**What you should do:** Word for word, restate the listing; omit the pictures.

################

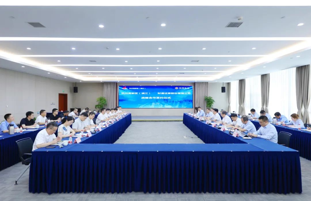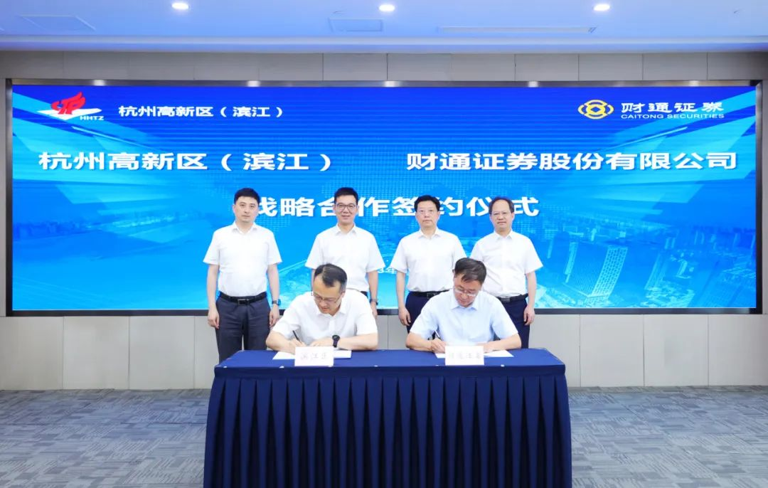 为贯彻落实浙江省委十五届三次全会精神,7月14日,sunbet申搏与杭州高新区(滨江)人民政府签署战略合作协议,未来将进一步拓宽合作领域,探索更多政企联动新模式,携手实现互利共赢。高新区(滨江)区委书记章登峰,财通证券党委书记、董事长章启诚致辞。高新区(滨江)区委副书记、区长郑迪,区委常委、常务副区长陈宇,区管委会副主任、副区长佘坚,区管委会党工委委员、区委常委王孟辉;sunbet申搏总经理、党委副书记黄伟建,党委委员、副总经理夏理芬,总经理助理、财通资本董事长申建新,董事会秘书官勇华等出席仪式。
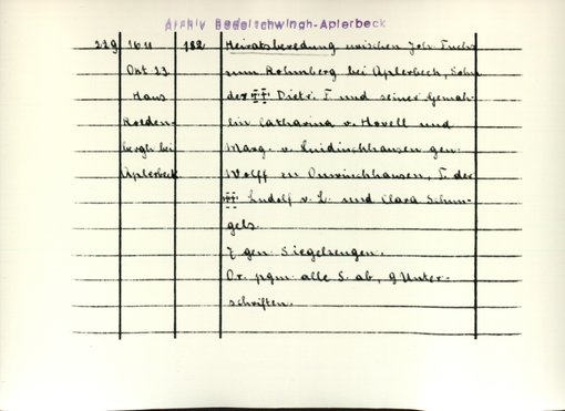 | Bestand | Aplerbeck, Haus Rodenberg, Urkunden | alle Regesten |
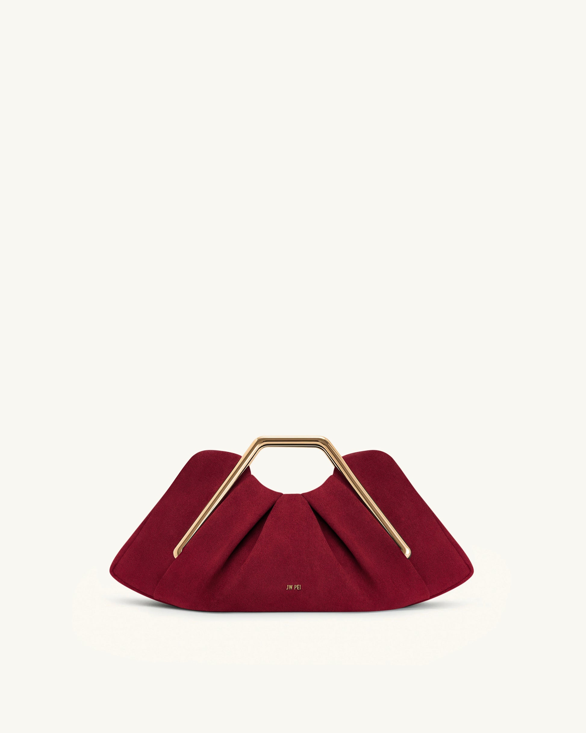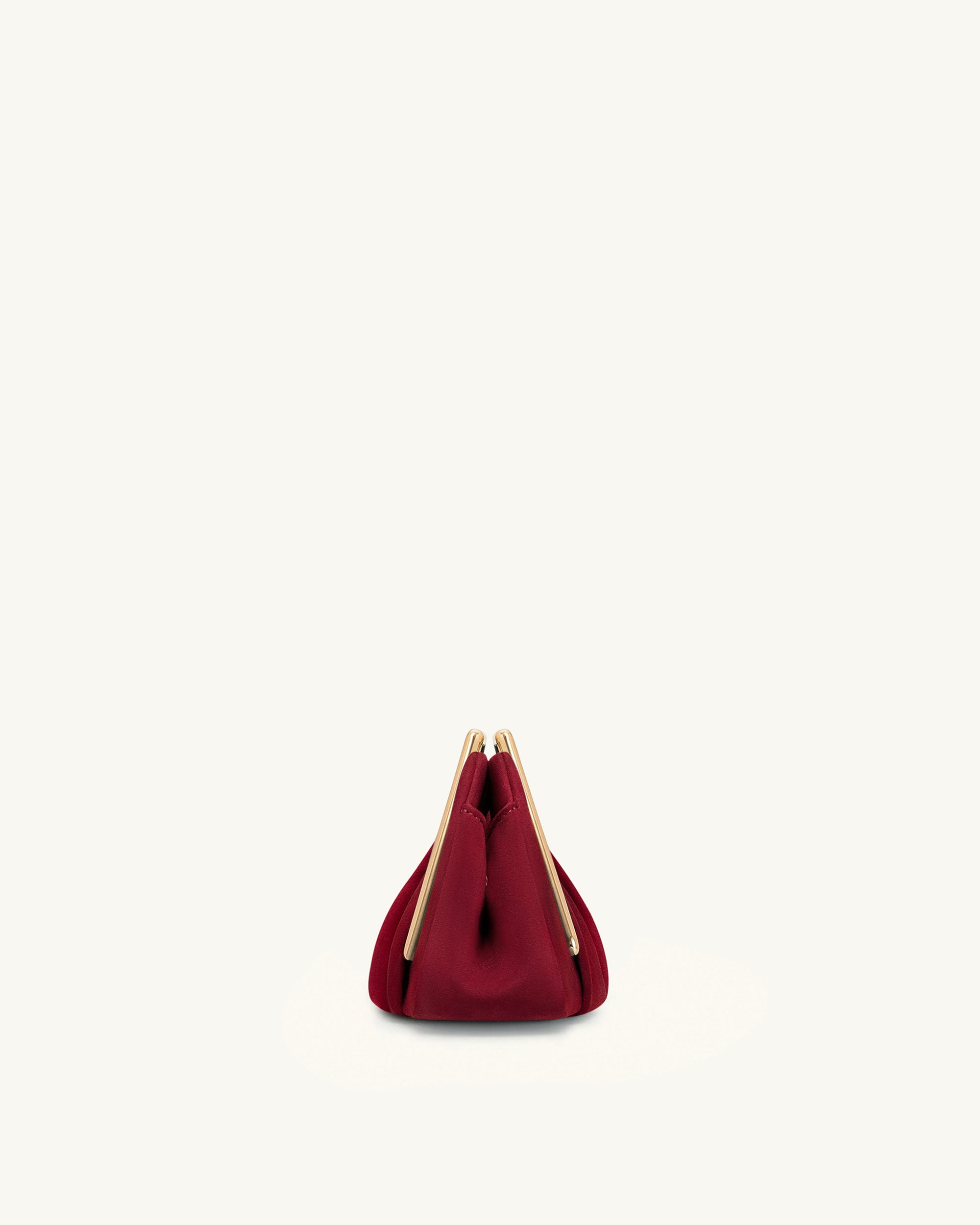 Lila Faux Suede Metal Frame Clutch - Red
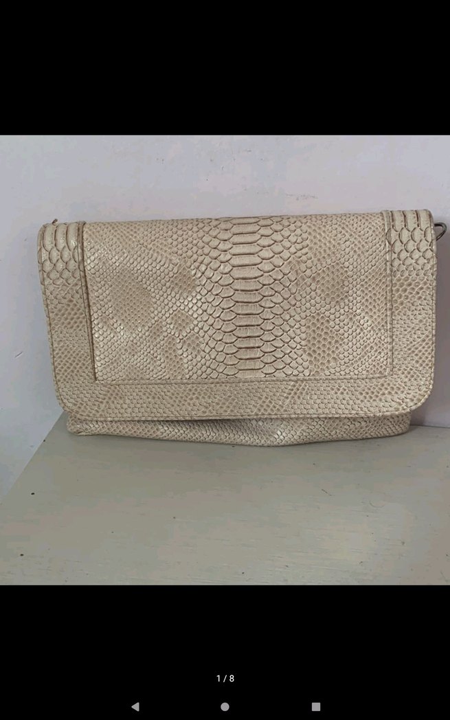 Bej renkli deri kadın çanta, yılan derisi desenli ve kemerli tasarıma sahip, günlük kullanıma uygun şık bir model.
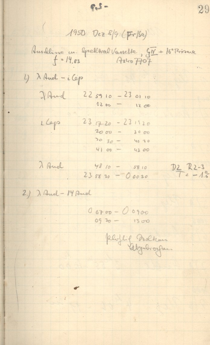 More Observer Notes (Schmidtsches Spiegeltelescope)
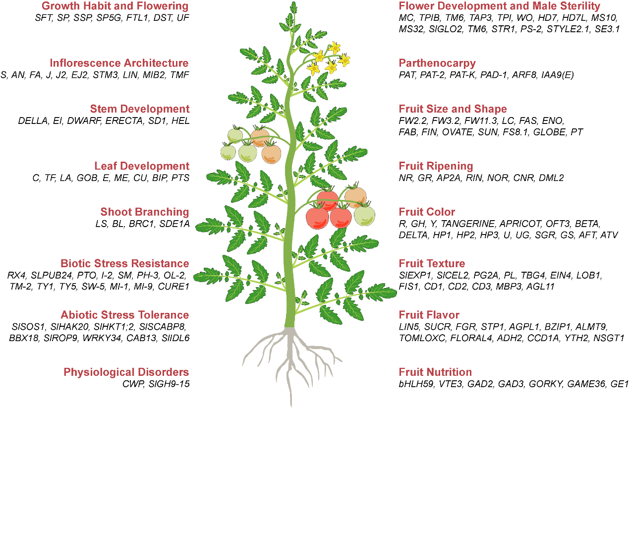 人们对番茄重要农艺性状形成机理的理解深度决定了未来番茄育种的精准度和效率。迄今为止,科学家已经在番茄中鉴定上千个数量性状位点(QTLs),并且已经挖掘了数百个对番茄农艺性状至关重要的基因。该文从番茄的株型、花器官发育、果实性状和抗性性状四方面系统总结了番茄重要农艺性状形成机理的研究进展(图2),可为从事番茄基础生物学研究和遗传育种研究的同行提供重要的借鉴和参考。
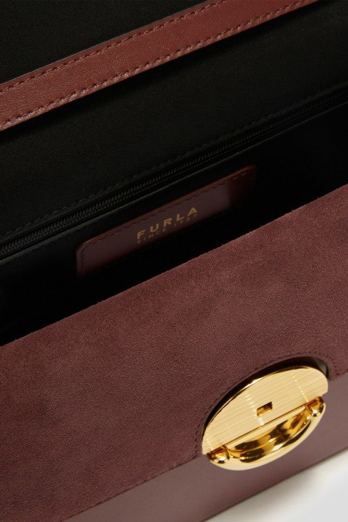 Детали: Женская бордовая кожаная сумка кросс-боди Sfera от Furla (Фурла). Модель из гладкой кожи, золотистая фурнитура, застежка на защелку, одно отделение, регулируемый плечевой ремень. Размер: 24 x 15 x 7,5 см
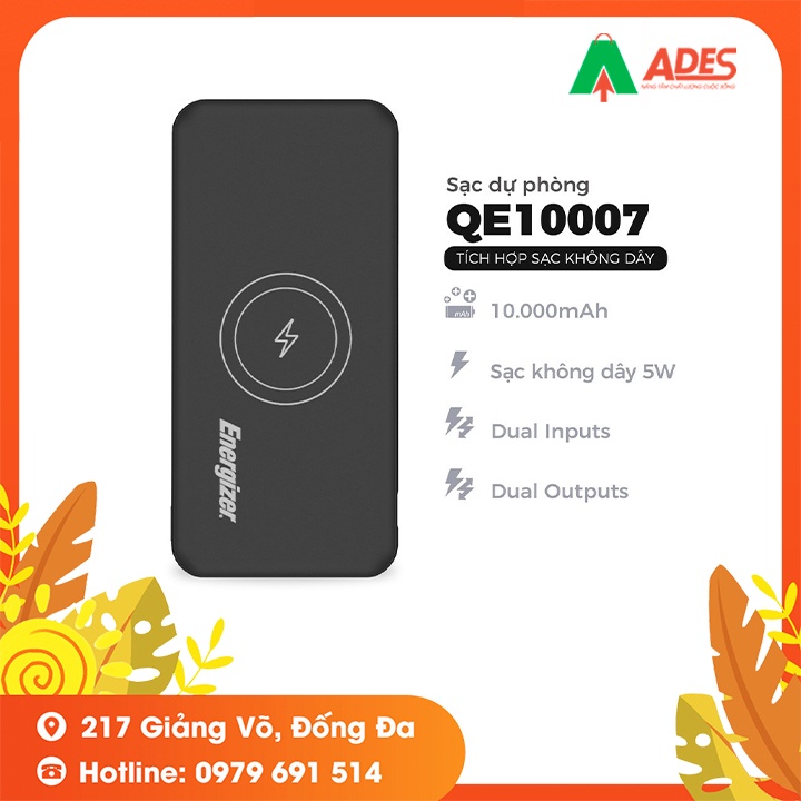 Điện Thoại & Phụ Kiện > Phụ kiện > Sạc dự phòng & Pin > Sạc dự phòng || Sạc dự phòng Energizer QE10007BK 10,000mAh - tích hợp sạc không dây chuẩn Qi, thiết kế nhỏ gọn tiện lợiCòn hàng

################

**Output below:**
 为贯彻落实浙江省委十五届三次全会精神,7月14日,sunbet申搏与杭州高新区(滨江)人民政府签署战略合作协议,未来将进一步拓宽合作领域,探索更多政企联动新模式,携手实现互利共赢。高新区(滨江)区委书记章登峰,财通证券党委书记、董事长章启诚致辞。高新区(滨江)区委副书记、区长郑迪,区委常委、常务副区长陈宇,区管委会副主任、副区长佘坚,区管委会党工委委员、区委常委王孟辉;sunbet申搏总经理、党委副书记黄伟建,党委委员、副总经理夏理芬,总经理助理、财通资本董事长申建新,董事会秘书官勇华等出席仪式。
 | Bestand | Aplerbeck, Haus Rodenberg, Urkunden | alle Regesten |
 Lila Faux Suede Metal Frame Clutch - Red
 Bej renkli deri kadın çanta, yılan derisi desenli ve kemerli tasarıma sahip, günlük kullanıma uygun şık bir model.
 More Observer Notes (Schmidtsches Spiegeltelescope)
 人们对番茄重要农艺性状形成机理的理解深度决定了未来番茄育种的精准度和效率。迄今为止,科学家已经在番茄中鉴定上千个数量性状位点(QTLs),并且已经挖掘了数百个对番茄农艺性状至关重要的基因。该文从番茄的株型、花器官发育、果实性状和抗性性状四方面系统总结了番茄重要农艺性状形成机理的研究进展(图2),可为从事番茄基础生物学研究和遗传育种研究的同行提供重要的借鉴和参考。
 Детали: Женская бордовая кожаная сумка кросс-боди Sfera от Furla (Фурла). Модель из гладкой кожи, золотистая фурнитура, застежка на защелку, одно отделение, регулируемый плечевой ремень. Размер: 24 x 15 x 7,5 см
 Điện Thoại & Phụ Kiện > Phụ kiện > Sạc dự phòng & Pin > Sạc dự phòng || Sạc dự phòng Energizer QE10007BK 10,000mAh - tích hợp sạc không dây chuẩn Qi, thiết kế nhỏ gọn tiện lợiCòn hàng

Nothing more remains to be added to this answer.